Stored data
===============

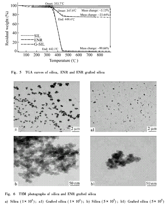 為了進(jìn)一步考察該方法ENR接枝率的大小以及接枝白炭黑的熱穩(wěn)定性,進(jìn)行了TGA分析.圖5分別是白炭黑,ENR和接枝白炭黑的TGA曲線,白炭黑的失重大體分為兩步,150℃之前是脫除吸附水,150℃之后開始脫除結(jié)合水;ENR的失重區(qū)域在353·7~442·1℃;接枝白炭黑除了包含白炭黑的兩階段失重外,在347·9~449·4℃的溫區(qū)出現(xiàn)一個(gè)明顯的失重臺(tái)階,是對(duì)應(yīng)于接枝的ENR的失重.這一臺(tái)階的失重為23·64%,在這一階段中因白炭黑自身脫水的失重量計(jì)算理論值約為2·34%,所以實(shí)際接枝的ENR含量為21·3%.這一方法的接枝率是比較高的,主要是因?yàn)榘滋亢诹W颖砻娓缓罅康牧u基,同時(shí)ENR主鏈上也含有大量的環(huán)氧基團(tuán),兩種基團(tuán)接觸的幾率非常大,只要ENR長(zhǎng)鏈上有一個(gè)環(huán)氧基團(tuán)參與反應(yīng),整條ENR分子就可成功接枝到白炭黑粒子上.此外,從該圖上也反映出,ENR接枝后,熱降解起始溫度有所降低,這可能是因?yàn)榄h(huán)氧環(huán)被打開后,影響了分子鏈的熱穩(wěn)定性;但其失重的終止溫度更高,說(shuō)明了熱穩(wěn)定性更高的界面層的存在.
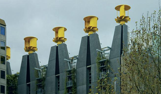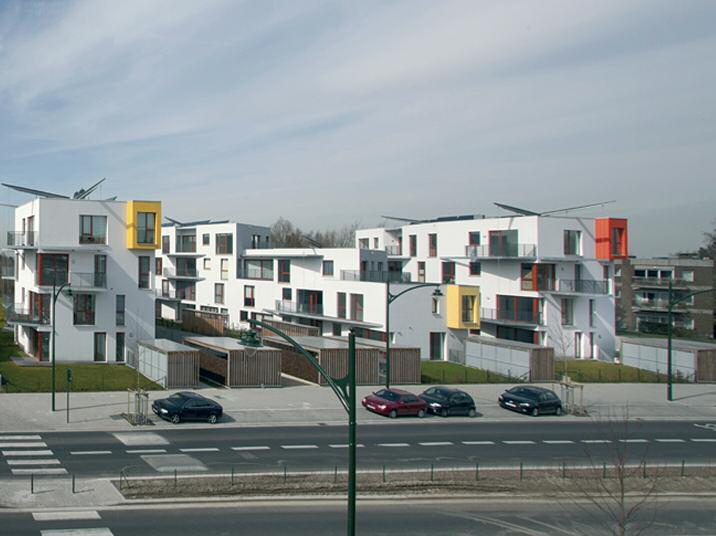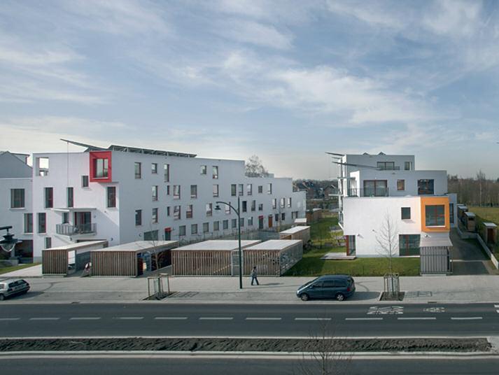 02. Inserito in un programma urbanistico più vasto che comprende la realizzazione di 5 000 appartamenti, il complesso di Bruyn Ovest a Bruxelles accoglie 79 alloggi a uso sociale. L’accurata scelta dei materiali, la cura dei dettagli e una VMC a doppio flusso garantiscono un consumo di 12 kWh/m2a Pannelli solari in copertura producono l’acqua calda sanitaria mentre quella piovana viene raccolta in cinque cisterne per essere riutilizzata nell’edificio www.pblondel.be
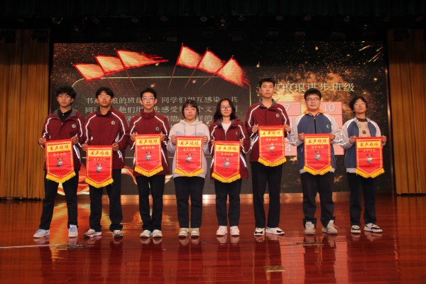 第二阶段为期中表彰活动。首先,课程教学处主任刘军彪宣读了星级宿舍、文/理科总分学霸、各单科实力之星的表彰决定。随后,高二年级管理小组为获奖同学颁奖并合影留念。颁奖活动后,校长助理、高二年级管理小组组长周伯明给全体高二年级学生作了题为《奋斗的青春最美丽》的讲话。周校长提出,我们要对自己有足够的自信,因为我们确实是优秀的;我们要对自己有目标要求,因为目标引领着我们一步一步向前迈进。周校长还引经据典,以曾经的优秀学子为榜样示例,鼓励同学们要变“他律”为“自律”,从小事做起,从常规的点滴要求做起。
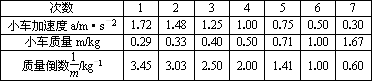 (2)在“探究加速度a與質(zhì)量m的關(guān)系”時(shí),保持砂和小桶質(zhì)量不變,改變小車質(zhì)量m,分別得到小車加速度a與質(zhì)量m的相關(guān)數(shù)據(jù)如下表:
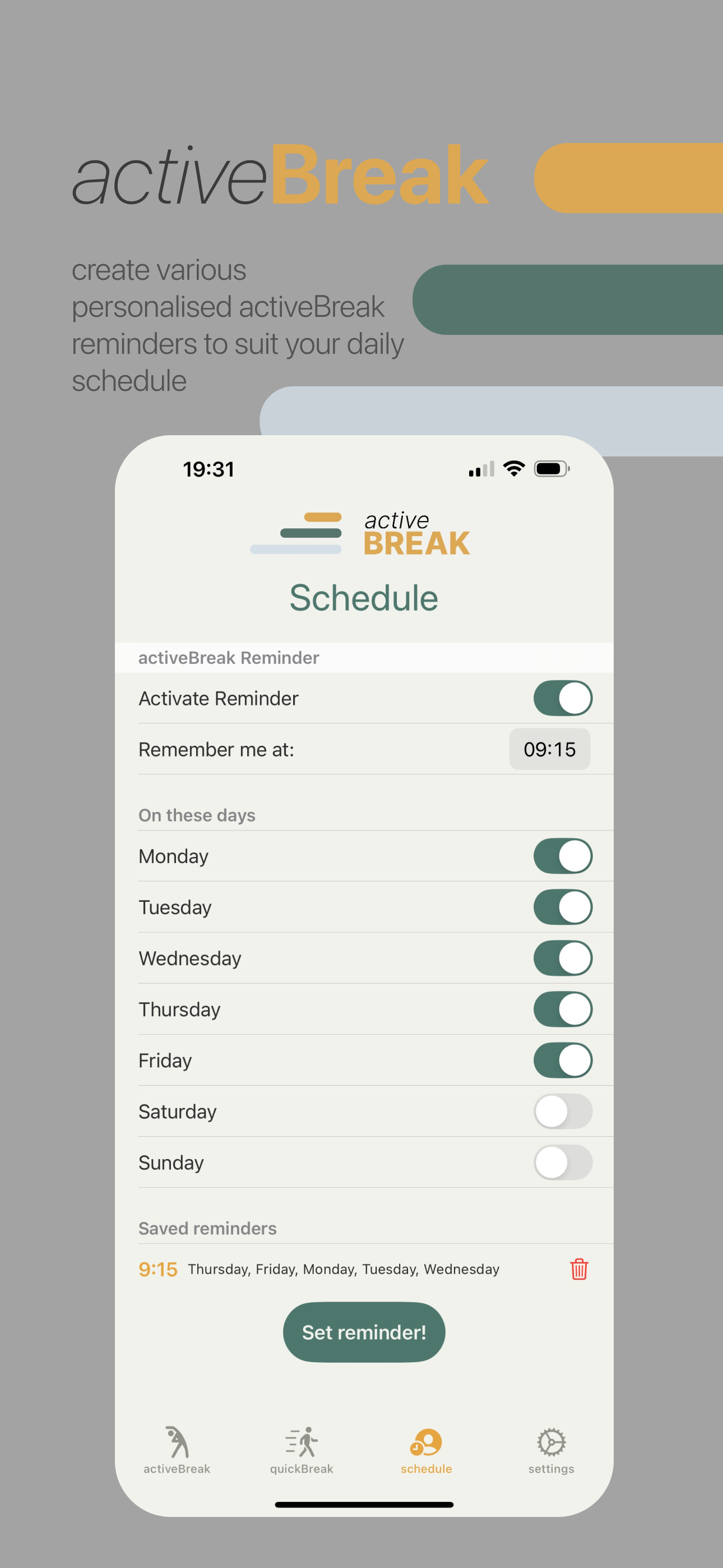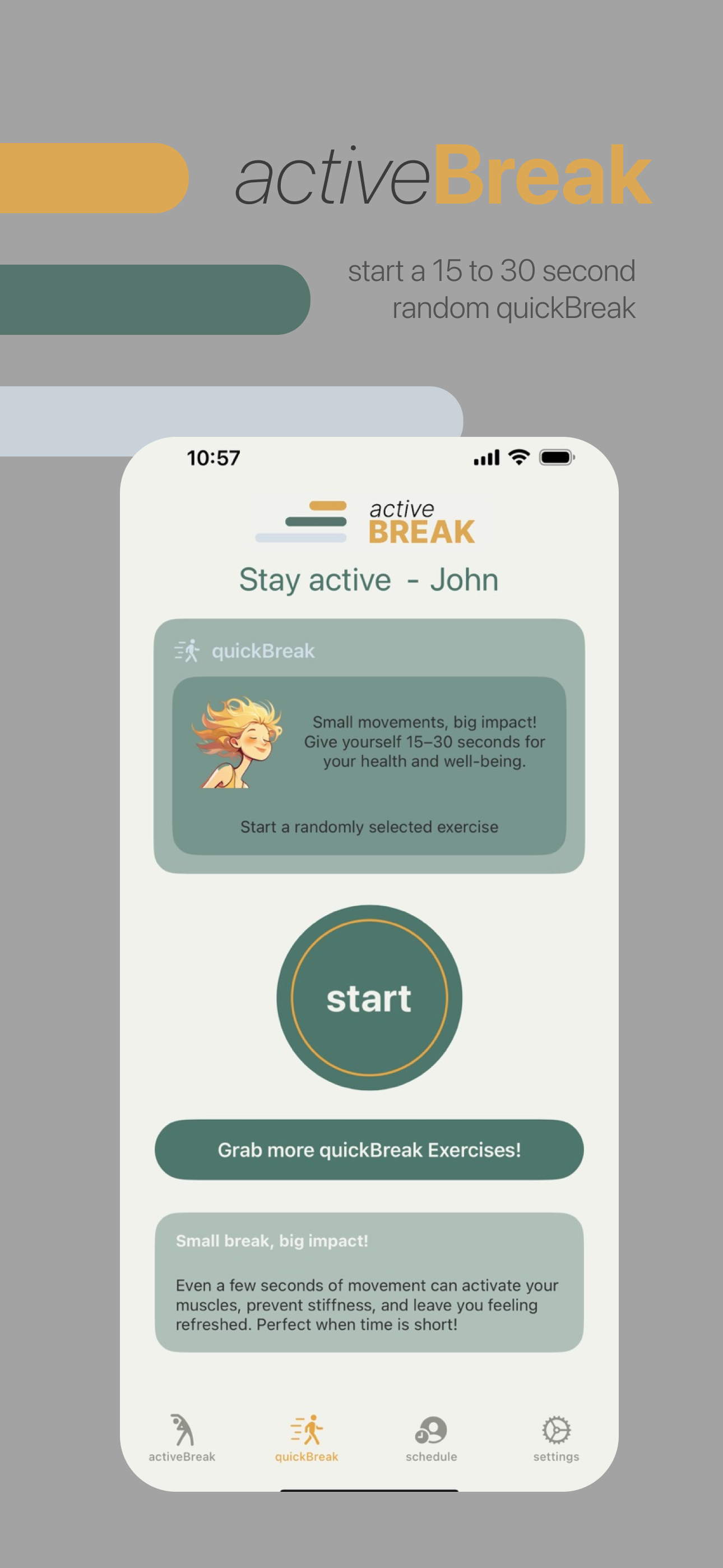 activeBreak helps users stay energized, reduce tension, and improve focus. Take a break that truly works – download activeBreak now!
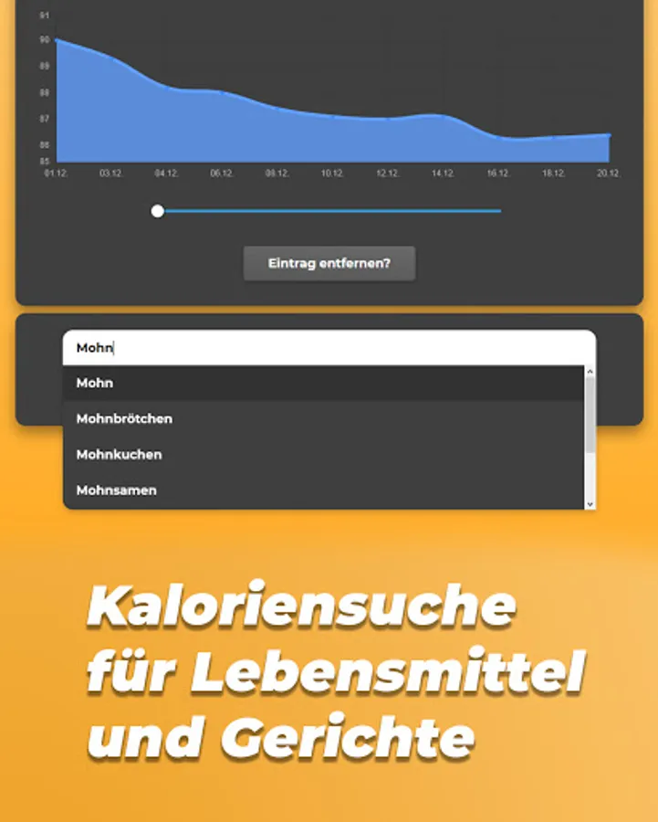 The calorie search for food and dishes also includes well-known items from the supermarket and some restaurants.

===============

[Work required]
For the records above, give every line again exactly and skip the pictures.

[Answer to the exercise]
 為了進(jìn)一步考察該方法ENR接枝率的大小以及接枝白炭黑的熱穩(wěn)定性,進(jìn)行了TGA分析.圖5分別是白炭黑,ENR和接枝白炭黑的TGA曲線,白炭黑的失重大體分為兩步,150℃之前是脫除吸附水,150℃之后開始脫除結(jié)合水;ENR的失重區(qū)域在353·7~442·1℃;接枝白炭黑除了包含白炭黑的兩階段失重外,在347·9~449·4℃的溫區(qū)出現(xiàn)一個(gè)明顯的失重臺(tái)階,是對(duì)應(yīng)于接枝的ENR的失重.這一臺(tái)階的失重為23·64%,在這一階段中因白炭黑自身脫水的失重量計(jì)算理論值約為2·34%,所以實(shí)際接枝的ENR含量為21·3%.這一方法的接枝率是比較高的,主要是因?yàn)榘滋亢诹W颖砻娓缓罅康牧u基,同時(shí)ENR主鏈上也含有大量的環(huán)氧基團(tuán),兩種基團(tuán)接觸的幾率非常大,只要ENR長(zhǎng)鏈上有一個(gè)環(huán)氧基團(tuán)參與反應(yīng),整條ENR分子就可成功接枝到白炭黑粒子上.此外,從該圖上也反映出,ENR接枝后,熱降解起始溫度有所降低,這可能是因?yàn)榄h(huán)氧環(huán)被打開后,影響了分子鏈的熱穩(wěn)定性;但其失重的終止溫度更高,說(shuō)明了熱穩(wěn)定性更高的界面層的存在.
 02. Inserito in un programma urbanistico più vasto che comprende la realizzazione di 5 000 appartamenti, il complesso di Bruyn Ovest a Bruxelles accoglie 79 alloggi a uso sociale. L’accurata scelta dei materiali, la cura dei dettagli e una VMC a doppio flusso garantiscono un consumo di 12 kWh/m2a Pannelli solari in copertura producono l’acqua calda sanitaria mentre quella piovana viene raccolta in cinque cisterne per essere riutilizzata nell’edificio www.pblondel.be
 第二阶段为期中表彰活动。首先,课程教学处主任刘军彪宣读了星级宿舍、文/理科总分学霸、各单科实力之星的表彰决定。随后,高二年级管理小组为获奖同学颁奖并合影留念。颁奖活动后,校长助理、高二年级管理小组组长周伯明给全体高二年级学生作了题为《奋斗的青春最美丽》的讲话。周校长提出,我们要对自己有足够的自信,因为我们确实是优秀的;我们要对自己有目标要求,因为目标引领着我们一步一步向前迈进。周校长还引经据典,以曾经的优秀学子为榜样示例,鼓励同学们要变“他律”为“自律”,从小事做起,从常规的点滴要求做起。
 (2)在“探究加速度a與質(zhì)量m的關(guān)系”時(shí),保持砂和小桶質(zhì)量不變,改變小車質(zhì)量m,分別得到小車加速度a與質(zhì)量m的相關(guān)數(shù)據(jù)如下表:
 activeBreak helps users stay energized, reduce tension, and improve focus. Take a break that truly works – download activeBreak now!
 The calorie search for food and dishes also includes well-known items from the supermarket and some restaurants.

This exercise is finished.